-- Data --

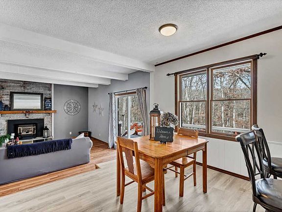 Back On market due to no fault of seller. Are you looking for your own personal year round resort living near Innsbrook or a second home? Don't miss this all brick adorable 1.5 story home that sits on wooded 4+ acres & backs up to your own small lake! The lake's stocked w/ fish & would be great for a small boat. Wildlife is abundant & deer come up in the yard!Mstr bdrm and 2nd bdrm on main fl plus 2 large bdrms upstairs. Lower level is unfinished walkout with a full bath that exits out to an entertaining patio. Open the front door to a large multi use living space & leads to a kitchen with large breakfast bar for a quick bite or sit down in the breakfast room & enjoy the view. Kitchen has newer countertops/backsplash & flooring. Step down into lg family rm highlighted by brick fireplace & slider that walks out onto a large deck. Imagine starting or ending your day overlooking this peaceful scenery. Newer septic & upgrades - Don't miss the opportunity to own your own paradise!
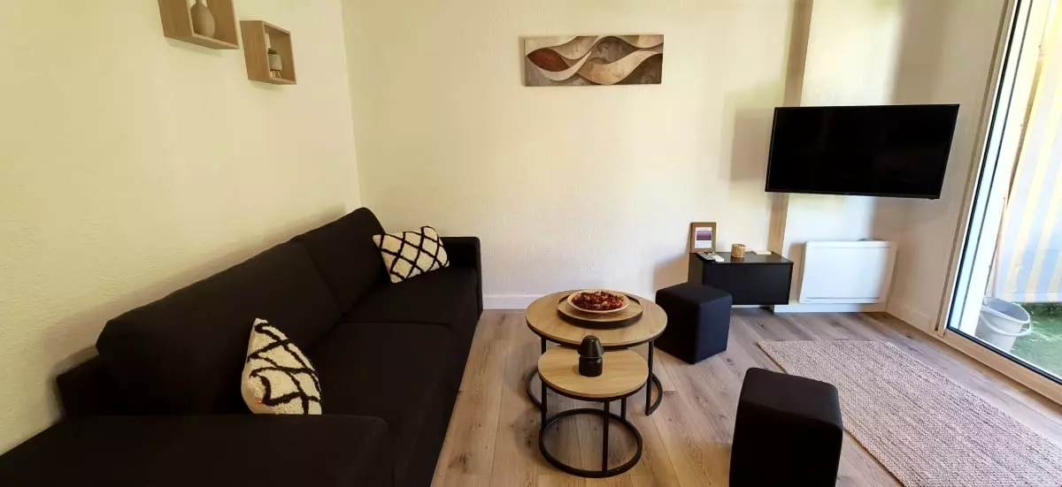 - un salon avec un canapé convertible (140 cm) offrant un couchage pour 2 personnes, idéal pour vous détendre après une journée de balade.
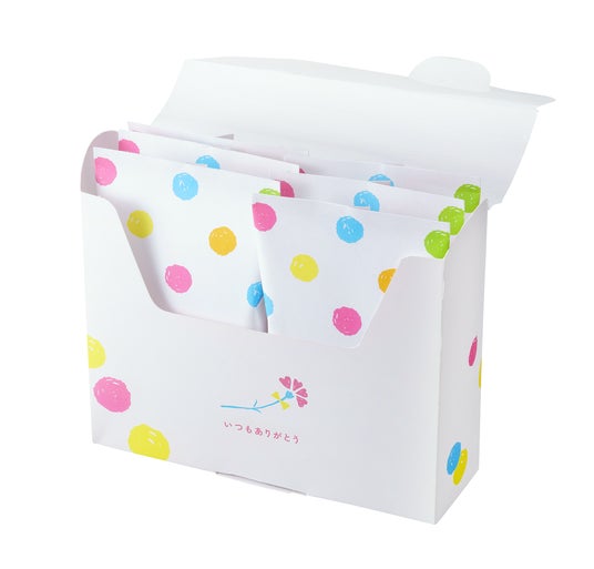 「母の日限定パッケージ」は、外箱のラムネを配したデザインの一部をハート型にし、箱を開けるとカーネーションのイラストと「いつもありがとう」のメッセージで、感謝の気持ちを彩ります。オリジナルデザインのショッパー(紙袋)をお付けしてお届けします。

-- Exercise requirements --
Would it be possible to give the material above again exactly, with the pictures left out?

-- Response box --
 Back On market due to no fault of seller. Are you looking for your own personal year round resort living near Innsbrook or a second home? Don't miss this all brick adorable 1.5 story home that sits on wooded 4+ acres & backs up to your own small lake! The lake's stocked w/ fish & would be great for a small boat. Wildlife is abundant & deer come up in the yard!Mstr bdrm and 2nd bdrm on main fl plus 2 large bdrms upstairs. Lower level is unfinished walkout with a full bath that exits out to an entertaining patio. Open the front door to a large multi use living space & leads to a kitchen with large breakfast bar for a quick bite or sit down in the breakfast room & enjoy the view. Kitchen has newer countertops/backsplash & flooring. Step down into lg family rm highlighted by brick fireplace & slider that walks out onto a large deck. Imagine starting or ending your day overlooking this peaceful scenery. Newer septic & upgrades - Don't miss the opportunity to own your own paradise!
 - un salon avec un canapé convertible (140 cm) offrant un couchage pour 2 personnes, idéal pour vous détendre après une journée de balade.
 「母の日限定パッケージ」は、外箱のラムネを配したデザインの一部をハート型にし、箱を開けるとカーネーションのイラストと「いつもありがとう」のメッセージで、感謝の気持ちを彩ります。オリジナルデザインのショッパー(紙袋)をお付けしてお届けします。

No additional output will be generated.